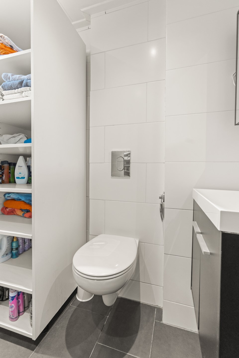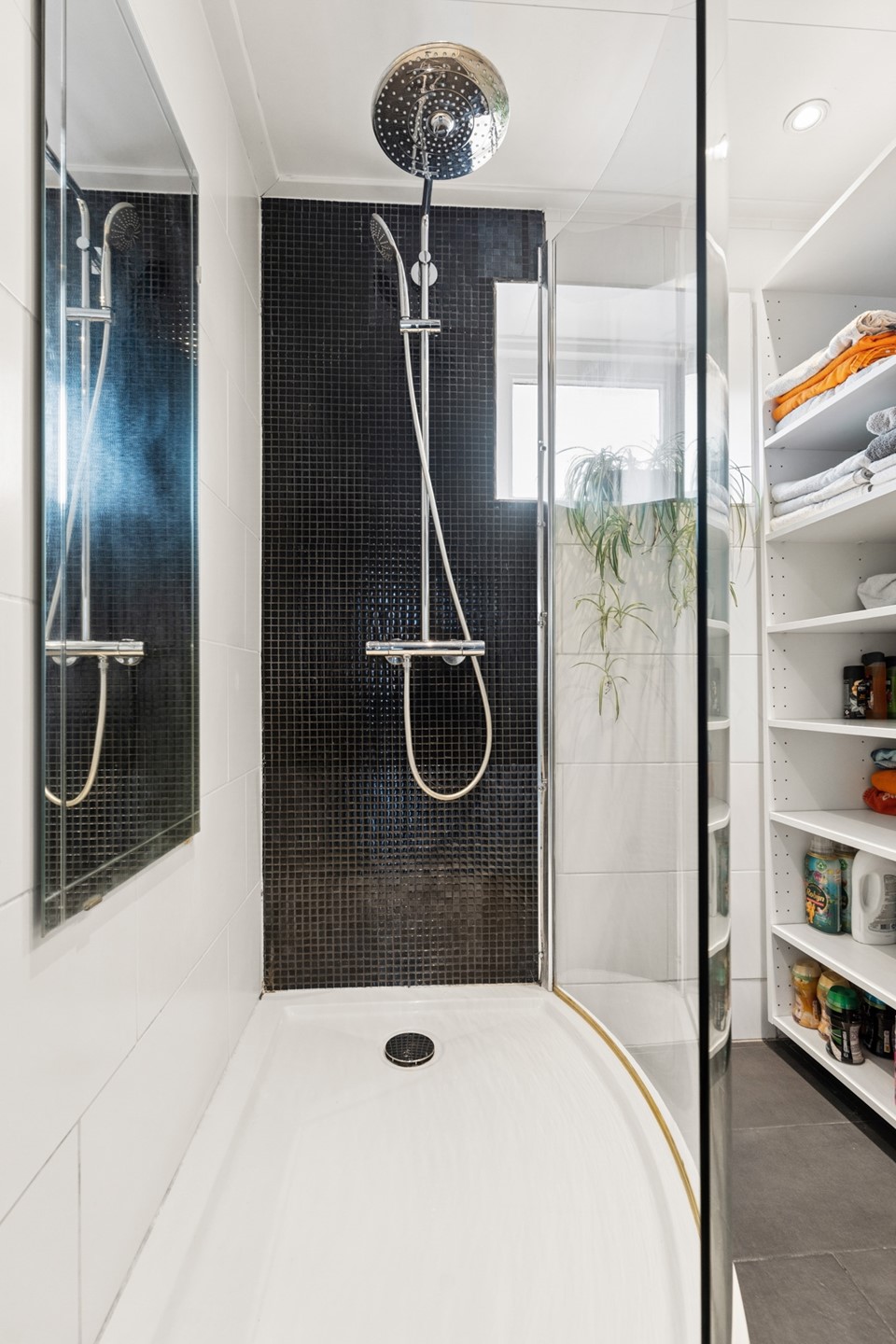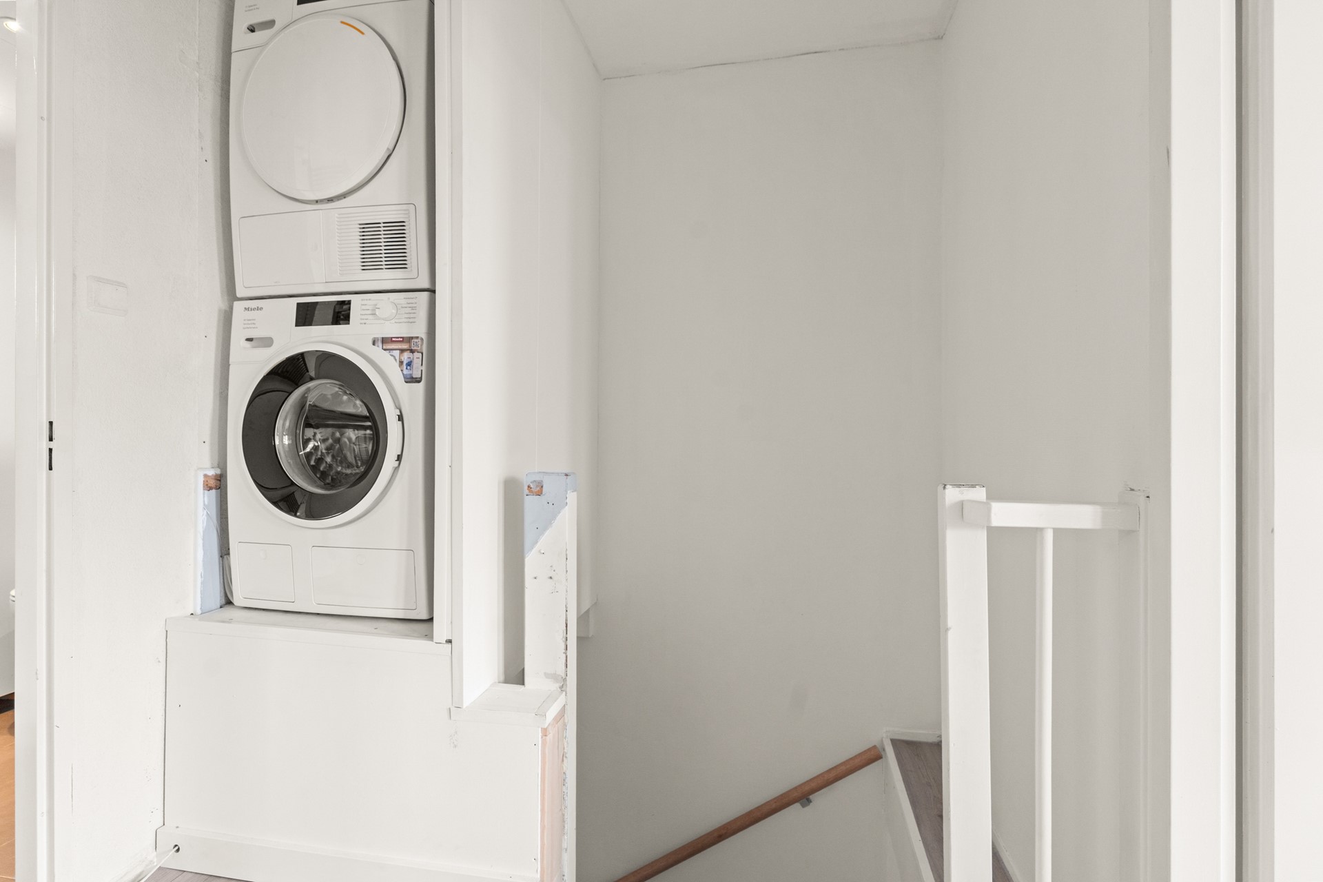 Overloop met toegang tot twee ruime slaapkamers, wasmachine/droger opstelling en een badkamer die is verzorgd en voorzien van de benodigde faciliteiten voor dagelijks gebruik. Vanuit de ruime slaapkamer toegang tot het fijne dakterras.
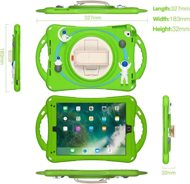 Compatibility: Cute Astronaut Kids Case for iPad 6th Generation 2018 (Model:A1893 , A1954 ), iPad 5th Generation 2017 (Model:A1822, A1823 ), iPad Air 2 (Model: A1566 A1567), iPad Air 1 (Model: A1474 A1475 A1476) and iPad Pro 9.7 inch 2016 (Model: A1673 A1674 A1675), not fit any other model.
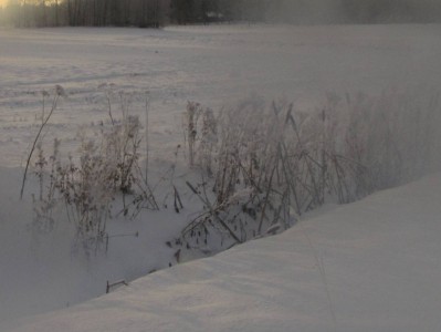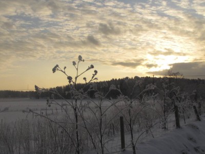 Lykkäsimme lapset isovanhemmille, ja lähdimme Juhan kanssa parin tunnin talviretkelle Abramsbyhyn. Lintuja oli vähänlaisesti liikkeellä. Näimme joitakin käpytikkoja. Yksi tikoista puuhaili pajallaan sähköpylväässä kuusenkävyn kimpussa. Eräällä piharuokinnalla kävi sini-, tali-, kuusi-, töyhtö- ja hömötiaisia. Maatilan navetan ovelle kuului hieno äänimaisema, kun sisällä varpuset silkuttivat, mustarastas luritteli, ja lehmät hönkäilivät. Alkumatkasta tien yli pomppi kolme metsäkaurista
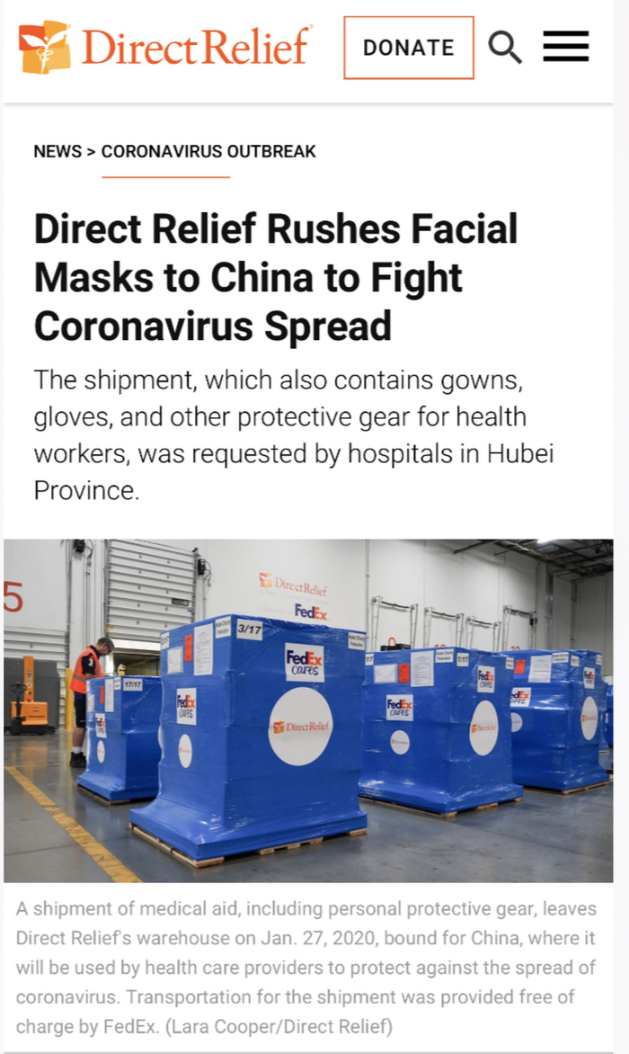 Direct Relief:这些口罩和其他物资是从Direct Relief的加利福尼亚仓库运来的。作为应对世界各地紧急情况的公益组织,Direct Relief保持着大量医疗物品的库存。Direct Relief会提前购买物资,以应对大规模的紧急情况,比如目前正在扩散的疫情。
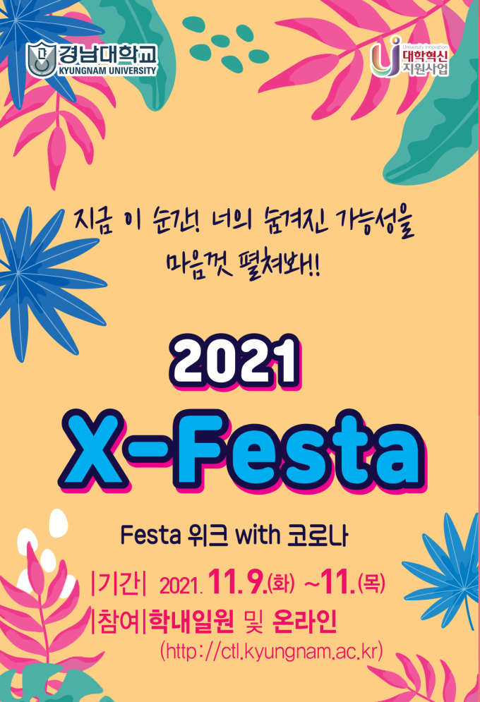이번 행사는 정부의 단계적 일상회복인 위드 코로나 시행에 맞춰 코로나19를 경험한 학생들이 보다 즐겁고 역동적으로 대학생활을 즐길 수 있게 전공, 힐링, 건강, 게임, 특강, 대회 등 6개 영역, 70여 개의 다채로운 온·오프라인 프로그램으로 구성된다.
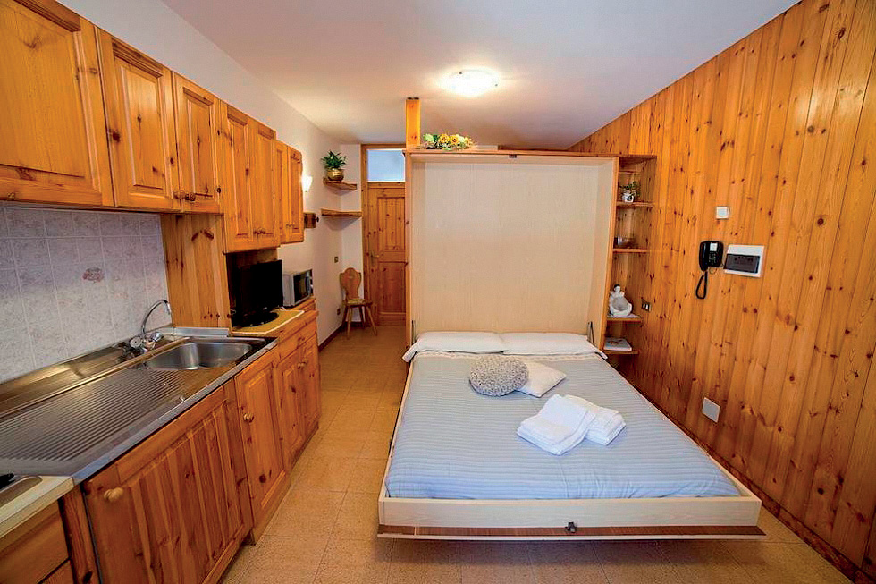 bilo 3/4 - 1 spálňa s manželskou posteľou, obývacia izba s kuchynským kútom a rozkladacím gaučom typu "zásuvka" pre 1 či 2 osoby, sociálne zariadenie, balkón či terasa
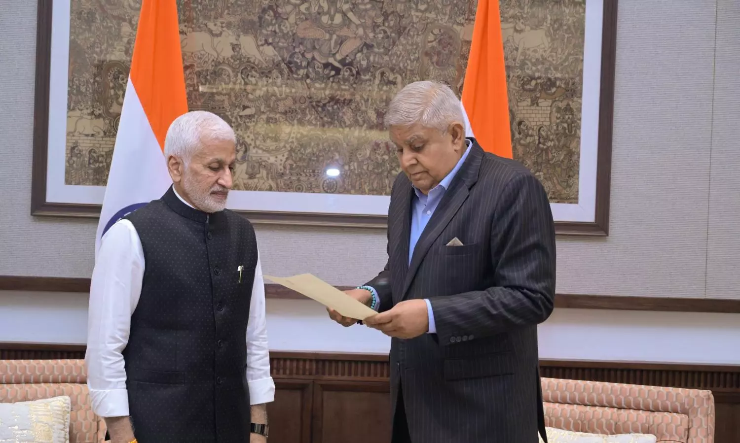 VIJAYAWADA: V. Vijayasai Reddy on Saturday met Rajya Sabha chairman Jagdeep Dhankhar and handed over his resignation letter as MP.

- **WORK INSTRUCTIONS**
With the pictures omitted, copy exactly the lines of the listing above starting at the line containing "Compatibility: Cute Astronaut" and ending at the line containing "Lykkäsimme lapset isovanhemmille, ja", both included.

- **RESPONSE BOX**
 Compatibility: Cute Astronaut Kids Case for iPad 6th Generation 2018 (Model:A1893 , A1954 ), iPad 5th Generation 2017 (Model:A1822, A1823 ), iPad Air 2 (Model: A1566 A1567), iPad Air 1 (Model: A1474 A1475 A1476) and iPad Pro 9.7 inch 2016 (Model: A1673 A1674 A1675), not fit any other model.
 Lykkäsimme lapset isovanhemmille, ja lähdimme Juhan kanssa parin tunnin talviretkelle Abramsbyhyn. Lintuja oli vähänlaisesti liikkeellä. Näimme joitakin käpytikkoja. Yksi tikoista puuhaili pajallaan sähköpylväässä kuusenkävyn kimpussa. Eräällä piharuokinnalla kävi sini-, tali-, kuusi-, töyhtö- ja hömötiaisia. Maatilan navetan ovelle kuului hieno äänimaisema, kun sisällä varpuset silkuttivat, mustarastas luritteli, ja lehmät hönkäilivät. Alkumatkasta tien yli pomppi kolme metsäkaurista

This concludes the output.